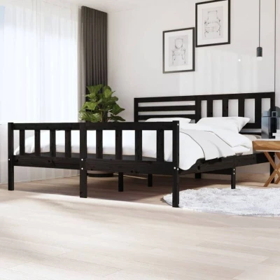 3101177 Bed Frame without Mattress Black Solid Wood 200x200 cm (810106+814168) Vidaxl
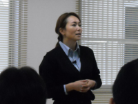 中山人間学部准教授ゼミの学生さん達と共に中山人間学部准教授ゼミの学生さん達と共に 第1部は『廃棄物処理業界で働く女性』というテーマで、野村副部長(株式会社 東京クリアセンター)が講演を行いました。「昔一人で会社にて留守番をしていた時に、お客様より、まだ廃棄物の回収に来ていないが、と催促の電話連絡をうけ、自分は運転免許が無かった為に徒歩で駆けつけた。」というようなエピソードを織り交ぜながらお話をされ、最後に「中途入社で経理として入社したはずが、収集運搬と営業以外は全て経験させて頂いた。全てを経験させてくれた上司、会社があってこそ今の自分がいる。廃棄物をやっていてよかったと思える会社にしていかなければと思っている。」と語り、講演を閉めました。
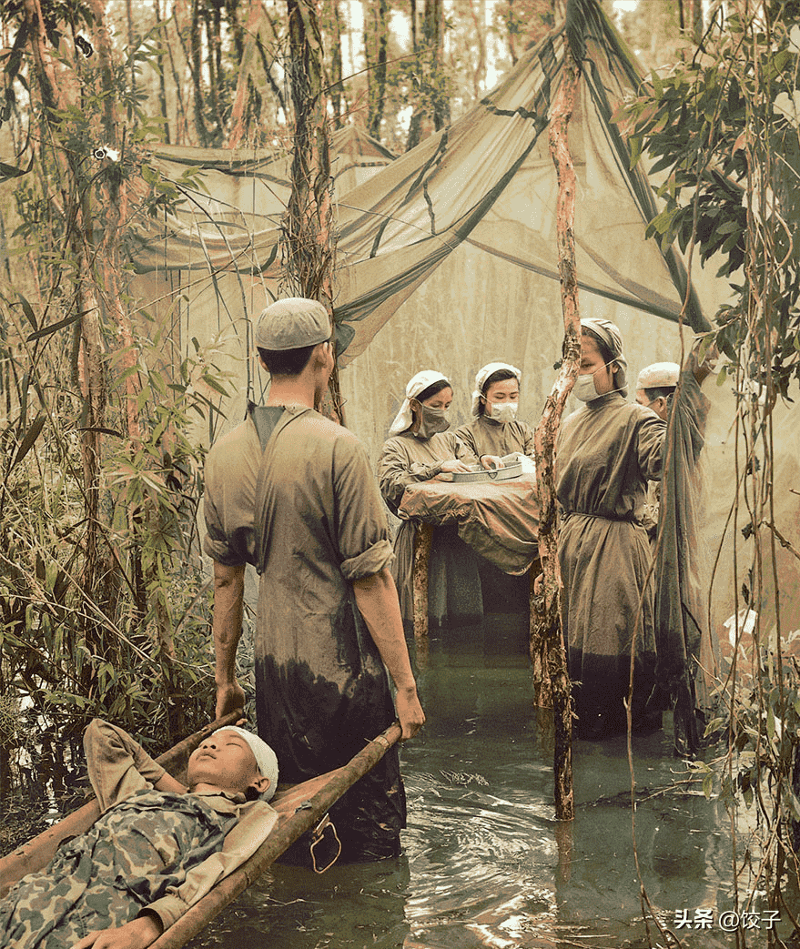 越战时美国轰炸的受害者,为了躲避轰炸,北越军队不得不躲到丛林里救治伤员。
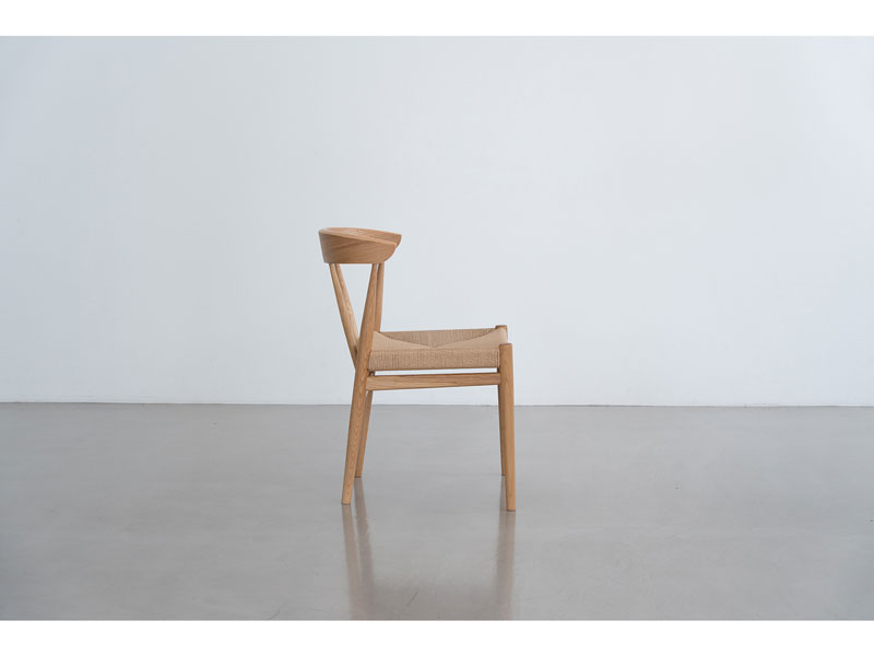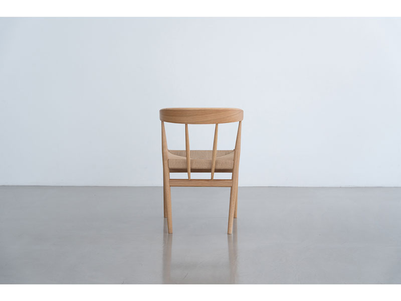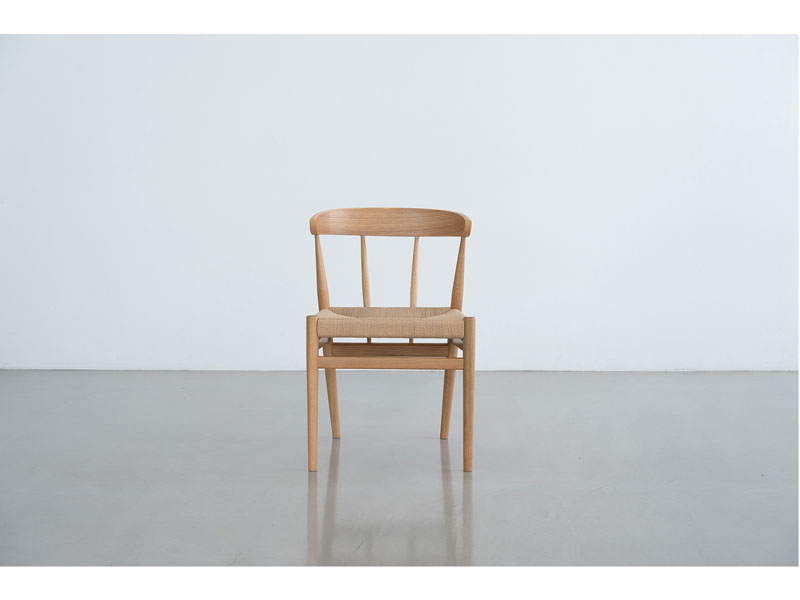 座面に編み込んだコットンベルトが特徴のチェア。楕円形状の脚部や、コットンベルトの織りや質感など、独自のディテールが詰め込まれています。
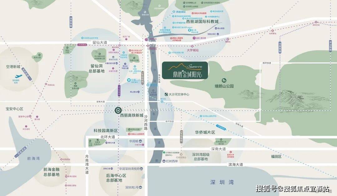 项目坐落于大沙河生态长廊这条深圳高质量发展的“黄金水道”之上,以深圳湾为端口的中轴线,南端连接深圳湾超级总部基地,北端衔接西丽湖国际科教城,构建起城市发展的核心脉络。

· · ·

• Task to complete
Nothing but the lines from the one containing "座面に編み込んだコットンベル" through the last line of the material may appear in the answer, transcribed exactly and with no pictures.

• Your response
 座面に編み込んだコットンベルトが特徴のチェア。楕円形状の脚部や、コットンベルトの織りや質感など、独自のディテールが詰め込まれています。
 项目坐落于大沙河生态长廊这条深圳高质量发展的“黄金水道”之上,以深圳湾为端口的中轴线,南端连接深圳湾超级总部基地,北端衔接西丽湖国际科教城,构建起城市发展的核心脉络。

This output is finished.